Mesmer almost smiled. Methodical, rational, predictable. "I couldn't do it," Mesmer spat. "I... he attacked me. He... I can't find allies," he said, his voice thick with unfeigned frustration. He should've been a Career. He deserved his place among them. "I just want somewhere I can be safe. Maybe, with people to protect, I can be useful."
Rosemary wasn't pulling on the bow string anymore. 'You can't do it.' "Well, come in."
"No," Mercury said tightly. Now he could see her, and she held her knife all wrong, but at this distance, she still might hit. "First you strip, slowly, down to zit." She took a slow breath. "You're clever enough to know it isn't personal."
I do and I will still kill nonetheless, pretty lady.
Maybe he should strip sensually to screw with their minds. Fear shone bright in Three's blue eyes. No, he'd not take the chance.
Mesmer stripped quickly, the water bottle rolling out of under his shirt as he revealed his skinny frame and a large bandage wrapped around his thigh. The more wounded they thought he was, the less they would be on their guard. He shook his shoes and four cereal bars fell out.
"Throw us your clothes, shoes, and socks" Mercury ordered. "You can put your underwear back on after that. Rose, don't put the bow away," she added through clenched teeth.
"I'm flattered you'd think me so ruthless and clever," he said, obeying with resigned grimace. He shuddered and not just from the cold. The arena had gone from warm to barely mild in less than a day. He hated being so exposed, despite the very useful expressions on both Drake's and Rosemary's faces. They thought that Mercury was going too far, he had gained their sympathy.
"I think the life of everyone here is valuable," Mercury replied, checking his clothes, "and I don't presume to know anything about you, aside that you are very clever."
Mesmer bowed from the waist, his lips twitching. "I understand."

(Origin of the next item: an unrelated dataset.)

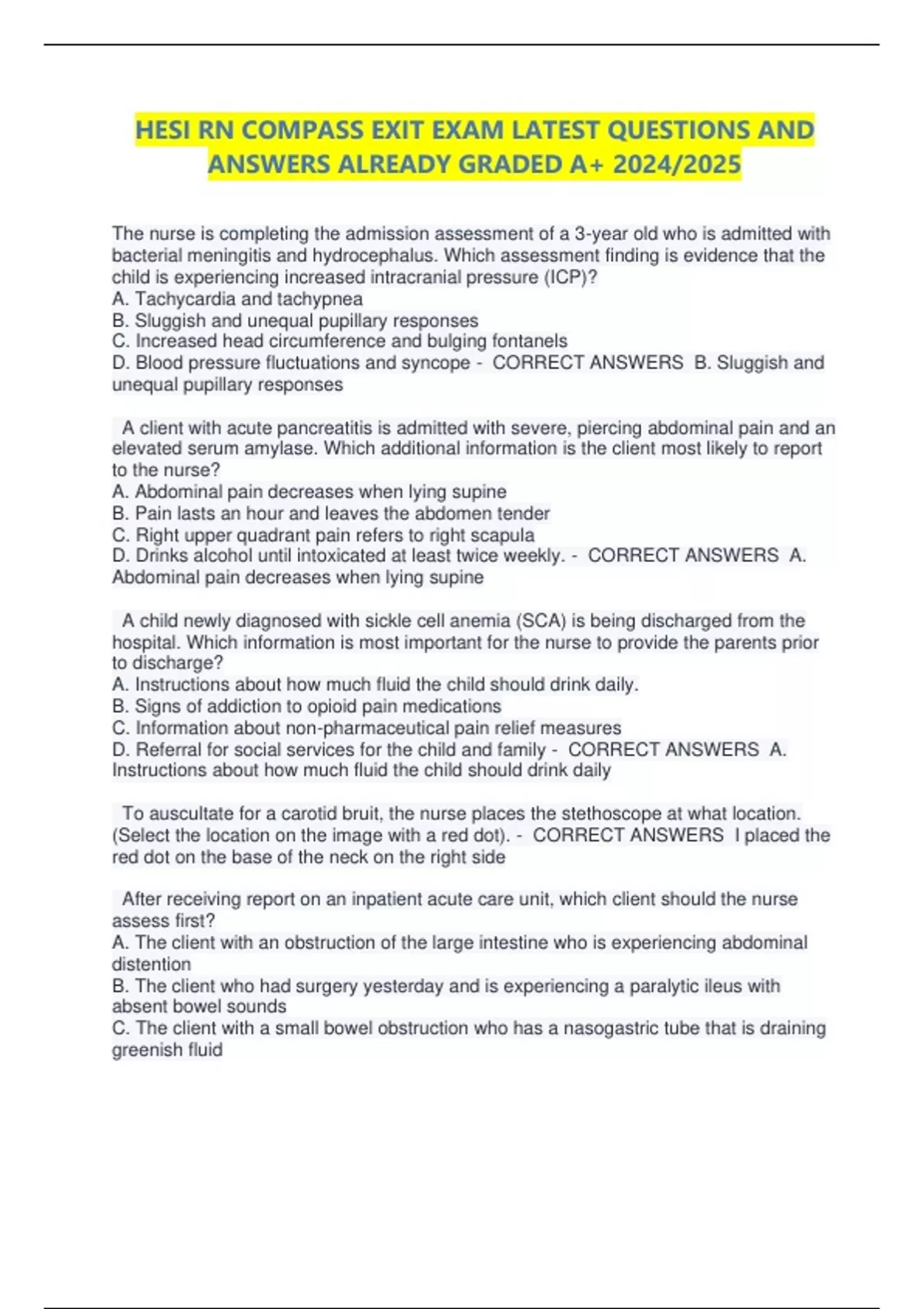 HESI RN COMPASS EXIT EXAM LATEST QUESTIONS AND ANSWERS ALREADY GRADED A+ 2024/2025 The nurse is completing the admission assessment of a 3-year old who is admitted with bacterial meningitis and hydrocephalus. Which assessment finding is evidence that the child is experiencing increased intracranial pressure (ICP)? A. Tachycardia and tachypnea B. Sluggish and unequal pupillary responses C. Increased head circumference and bulging fontanels D. Blood pressure fluctuations and syncope - CORRECT ANSWERS B. Sluggish and unequal pupillary responses A client with acute pancreatitis is admitted with severe, piercing abdominal pain and an elevated serum amylase. Which additional information is the client most likely to report to the nurse? A. Abdominal pain decreases when lying supine B. Pain lasts an hour and leaves the abdomen tender C. Right upper quadrant pain refers to right scapula D. Drinks alcohol until intoxicated at least twice weekly. - CORRECT ANSWERS A. Abdominal pain decreases when lying supine A child newly diagnosed with sickle cell anemia (SCA) is being discharged from the hospital. Which information is most important for the nurse to provide the parents prior to discharge? A. Instructions about how much fluid the child should drink daily. B. Signs of addiction to opioid pain medications C. Information about non-pharmaceutical pain relief measures D. Referral for social services for the child and family - CORRECT ANSWERS A. Instructions about how much fluid the child should drink daily To auscultate for a carotid bruit, the nurse places the stethoscope at what location. (Select the location on the image with a red dot). - CORRECT ANSWERS I placed the red dot on the base of the neck on the right side After receiving report on an inpatient acute care unit, which client should the nurse assess first? A. The client with an obstruction of the large intestine who is experiencing abdominal distention B. The client who had surgery yesterday and is experiencing a paralytic ileus with absent bowel sounds C. The client with a small bowel obstruction who has a nasogastric tube that is draining greenish fluid D. The client with a bowel obstruction due to a volvulus who is experiencing abdominal rigidity - CORRECT ANSWERS D. The client with a bowel obstruction due to a volvulus who is experiencing abdominal rigidity A teenager presents to the emergency department with palpitations after vaping at a party. The client is anxious, fearful, and hyperventilating. The nurse anticipates the client developing which acid base imbalance? A. Respiratory acidosis B. Metabolic alkalosis C. Metabolic acidosis D. Respiratory alkalosis - CORRECT ANSWERS D. Respiratory alkalosis A client with dyspnea is being admitted to the medical unit. To best prepare for the client's arrival, the nurse should ensure that the client's bed is in which position? A. Supine B. supine; feet elevated higher than head C. supine; head elevated higher than feet D. Fowlers - CORRECT ANSWERS Fowlers The nurse is taking the blood pressure measurement of a client with Parkinson's disease. Which information in the client's admission assessment is relevant to the nurse's plan for taking the blood pressure reading? (Select all the apply) A. Frequent syncope B. Occasional nocturia C. Flat affect D. Blurred vision E. Frequent drooling - CORRECT ANSWERS A. Frequent syncope C. Flat affect D. Blurred vision While caring for a client's postoperative dressing, the nurse observes purulent drainage at the wound. Before reporting this finding to the healthcare provider, the nurse should review which of the client's laboratory values? A. Serum albumin B. Culture for sensitive organisms C. Serum blood glucose level D. Creatinine level - CORRECT ANSWERS B. Culture for sensitive organisms A preschool-aged boy is admitted to the pediatric unit following successful resuscitation from a near-drowning incident. While providing care to the child, the nurse begins talking with his preadolescent brother who rescued the child from the swimming pool and initiated resuscitation. The nurse notices the older boy becomes withdrawn when asked about what happened. Which action should the nurse take? A. Develop a water safety teaching plan for the family B. Ask the older brother how he felt during the incident C. Tell the older brother that he seems depressed D. Commend the older brother for his heroic actions - CORRECT ANSWERS B. Ask the older brother how he felt during the incident A male client with cirrhosis has jaundice and pruritus. He tells the nurse that he has been soaking in hot baths at night with no relief of his discomfort. Which action should the nurse take? A. Encourage the client to use cooler water and apply calamine lotion after soaking B. Obtain a PRN prescription for an analgesic that the client can use for symptom relief C. Suggest that the client take brief showers and apply oil-based lotion after showering D. Explain that the symptoms are caused by liver damage and cannot be relieved - CORRECT ANSWERS A. Encourage the client to use cooler water and apply calamine lotion after soaking An older client with a long history of coronary artery disease (CAD), hypertension (HTN), and heart failure (HF) arrives in the Emergency Department (ED) in respiratory distress. The healthcare provider prescribes furosemide IV. Which therapeutic response to furosemide should the nurse expected in the client with acute HF? A. Increased cardiac contrac

He hated being naked. His body was frail and barely fed, every failure written in it, spiky scars from dangerous tricks and the bigger boys who'd found stealing from beggars easier than making money themselves. And peacekeepers, before he'd made a pact with Secundus. Mercury didn't let his seething embarrassment faze her, and she took her time.
She then walked over herself, taking knives and cereal bars, before handing him back his clothes.
Mesmer met her eyes. "Give me back one bar, and I'll teach you tricks. We'll be funny for the cameras."
Mercury handed it back without a word, a small frown and a veil of questions over her eyes. Wonder all you want. I have already won. You won't kill me in cold blood.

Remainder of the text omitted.